• **REQUIREMENT**: After locating the line that contains "挪客自动充气枕头午休睡枕便携旅行旅游露营舒适护腰靠枕", output that line and each one following it, exactly, to the end of the entries. No pictures.

• **RECORD SET**:
● ● ● ● ● ● ●

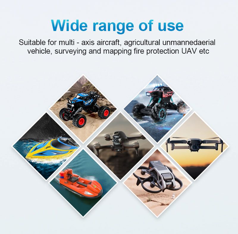 आमचीलिपो बॅटरी 6 एसविविध अनुप्रयोगांसाठी अष्टपैलू आणि आदर्श आहे, यासह:
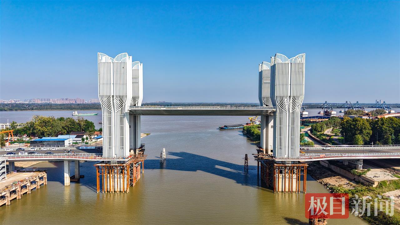 根据设计,该桥距离水面的通航净空高度为8米。“平日,它供车辆通行,桥下也可通过一般船舶;汛期来临和当青山船厂有通航运输需求时,重达2650吨的钢箱梁桥面能够在9分钟快速提升27米,让通航净空达到35米,确保5000吨级船舶正常通行。”这位负责人说。
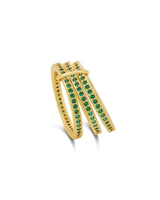 Go bold with these stack rings that begs to be worn. The glittering pave band sparkles from every angle, giving you endless styling possibilities. Wear it as a statement solo or stack it high with complementary pieces for maximum dazzle. About this item: Material: 18K Gold Filled Silver: Rhodium Plated Stones: Cubic Zirconia Recommended to remove before showering, washing hands, swimming or any activities involving water. Avoid chemicals such as soaps, lotions, and perfumes. Store in sealed pouch when not wearing. Colour: yellow
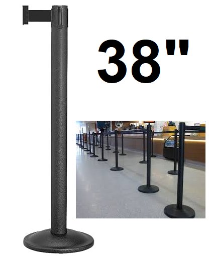 Lavi-industries Retractable Belt Stanchion STAND for Queue Lines with 7FT Belt - 38" - BLACK
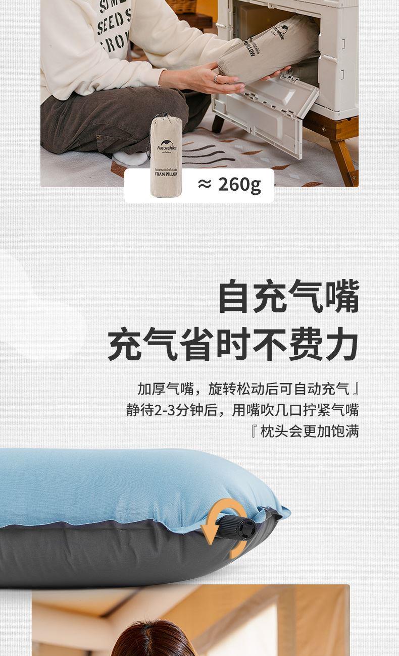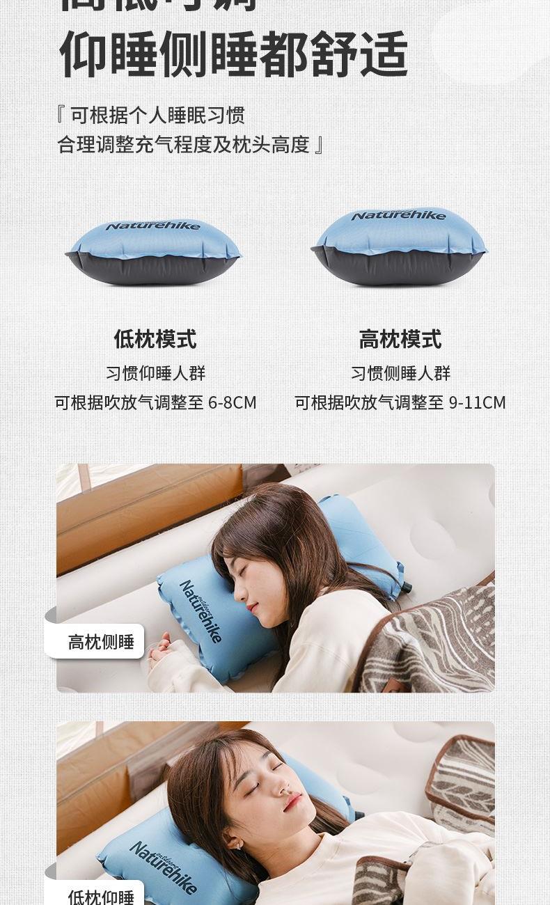 挪客自动充气枕头午休睡枕便携旅行旅游露营舒适护腰靠枕
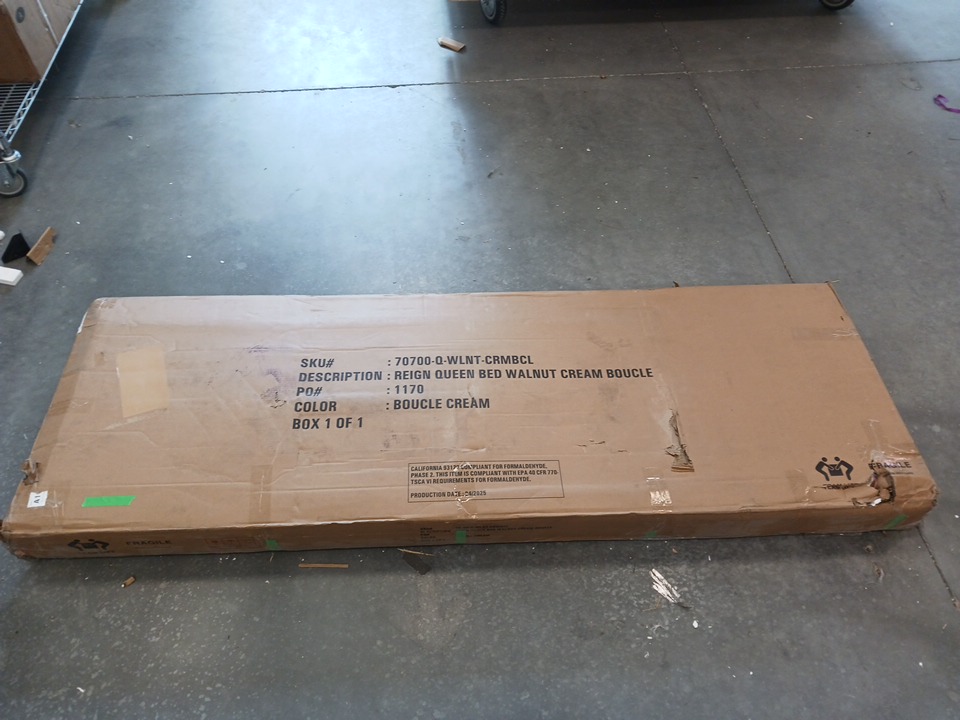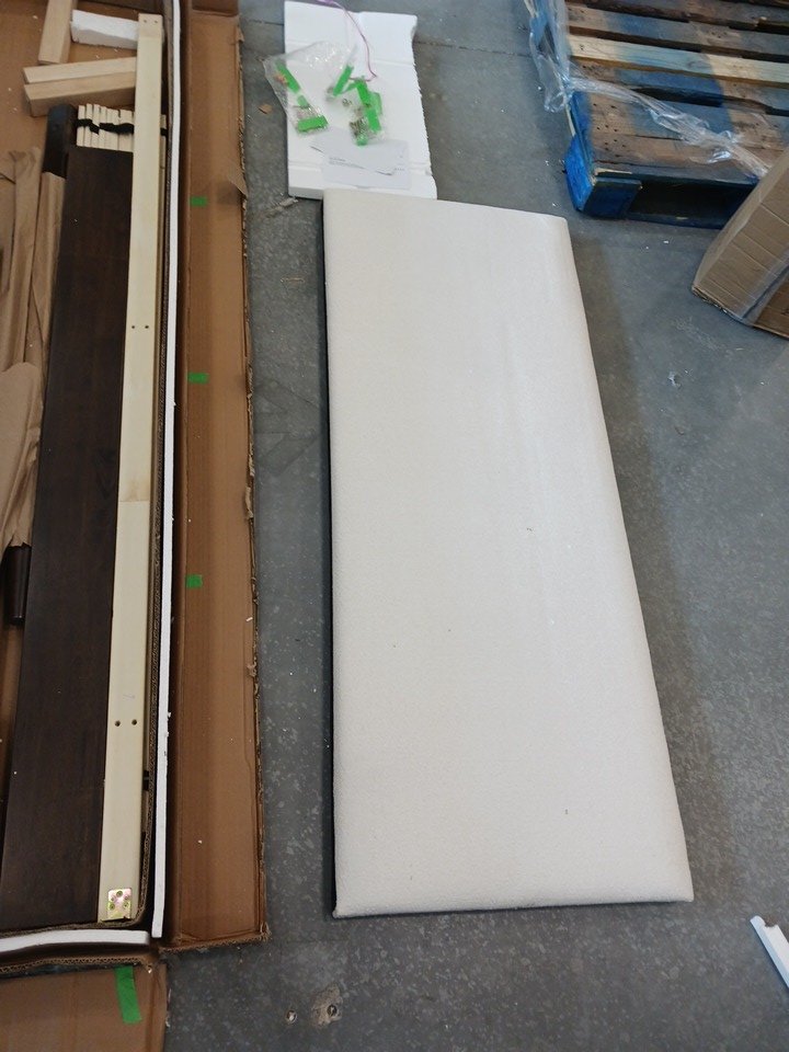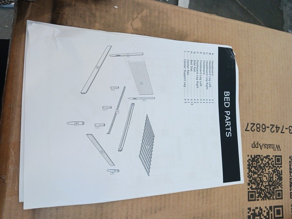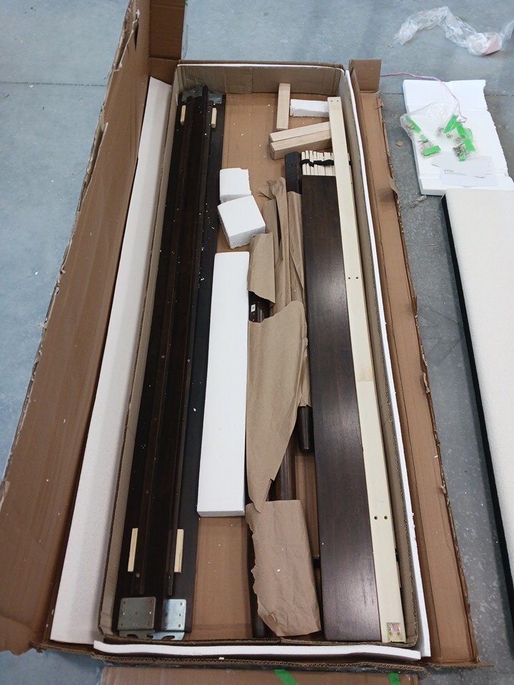 We could not confirm if all the generic hardware components are present, so buyers may need to source standard replacement parts separately to ensure full assembly. The main structural pieces, including the headboard, side rails, and slats, are in good condition with no visible damage. Minor scuffs or surface marks may be present from previous handling and storage, but these do not affect functionality.

● ● ● ● ● ● ●

• **COMPLETED TASK**:
 挪客自动充气枕头午休睡枕便携旅行旅游露营舒适护腰靠枕
 We could not confirm if all the generic hardware components are present, so buyers may need to source standard replacement parts separately to ensure full assembly. The main structural pieces, including the headboard, side rails, and slats, are in good condition with no visible damage. Minor scuffs or surface marks may be present from previous handling and storage, but these do not affect functionality.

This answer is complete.